Problem to work on:
Produce a word-for-word copy of the data that follows, excluding images.
START Input data
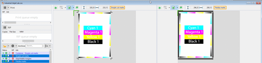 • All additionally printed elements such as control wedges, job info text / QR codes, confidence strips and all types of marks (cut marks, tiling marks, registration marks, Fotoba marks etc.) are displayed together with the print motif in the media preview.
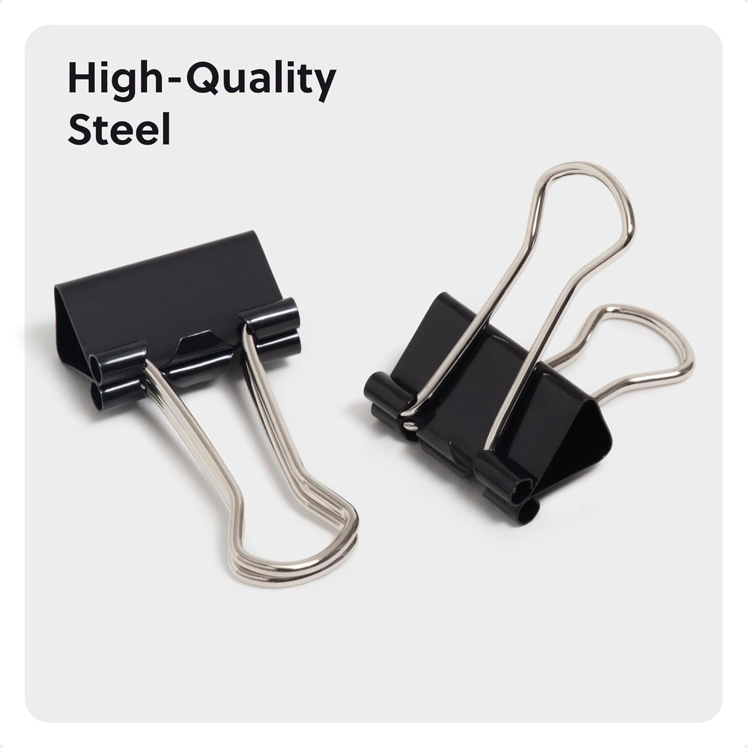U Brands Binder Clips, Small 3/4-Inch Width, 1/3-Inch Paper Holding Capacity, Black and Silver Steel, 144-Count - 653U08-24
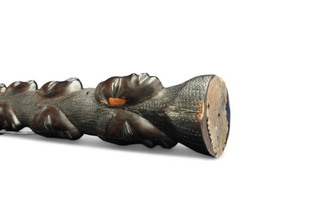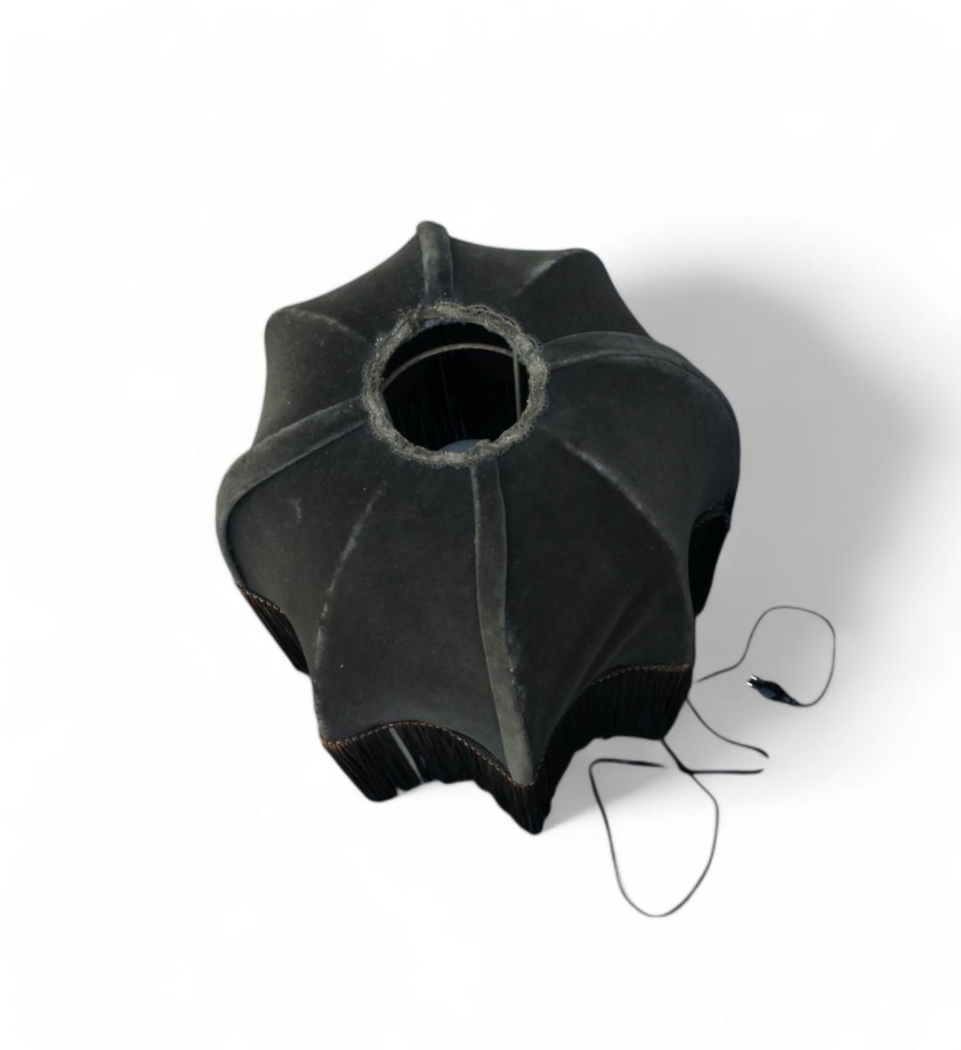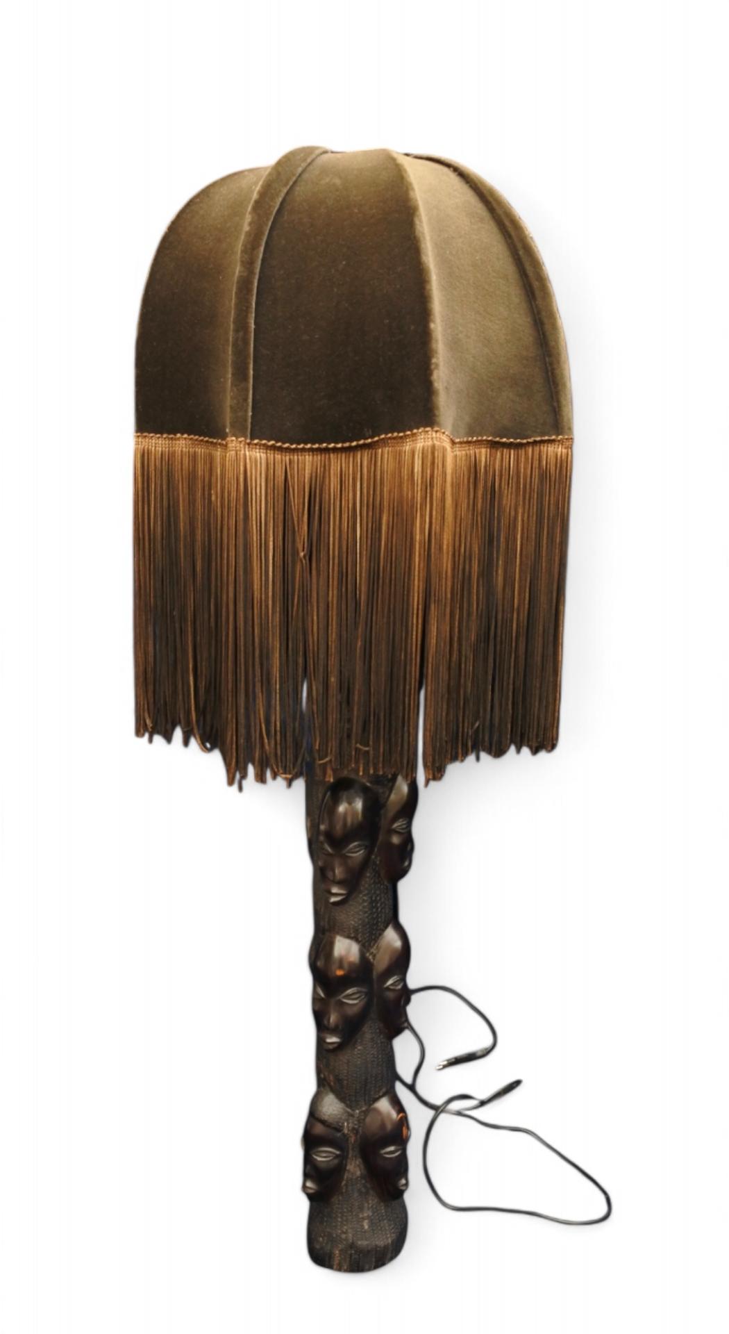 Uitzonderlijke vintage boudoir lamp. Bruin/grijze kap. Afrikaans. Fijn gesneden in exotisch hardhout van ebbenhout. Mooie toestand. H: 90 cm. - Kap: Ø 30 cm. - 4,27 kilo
END Input data
Written answer:
 • All additionally printed elements such as control wedges, job info text / QR codes, confidence strips and all types of marks (cut marks, tiling marks, registration marks, Fotoba marks etc.) are displayed together with the print motif in the media preview.
U Brands Binder Clips, Small 3/4-Inch Width, 1/3-Inch Paper Holding Capacity, Black and Silver Steel, 144-Count - 653U08-24
 Uitzonderlijke vintage boudoir lamp. Bruin/grijze kap. Afrikaans. Fijn gesneden in exotisch hardhout van ebbenhout. Mooie toestand. H: 90 cm. - Kap: Ø 30 cm. - 4,27 kilo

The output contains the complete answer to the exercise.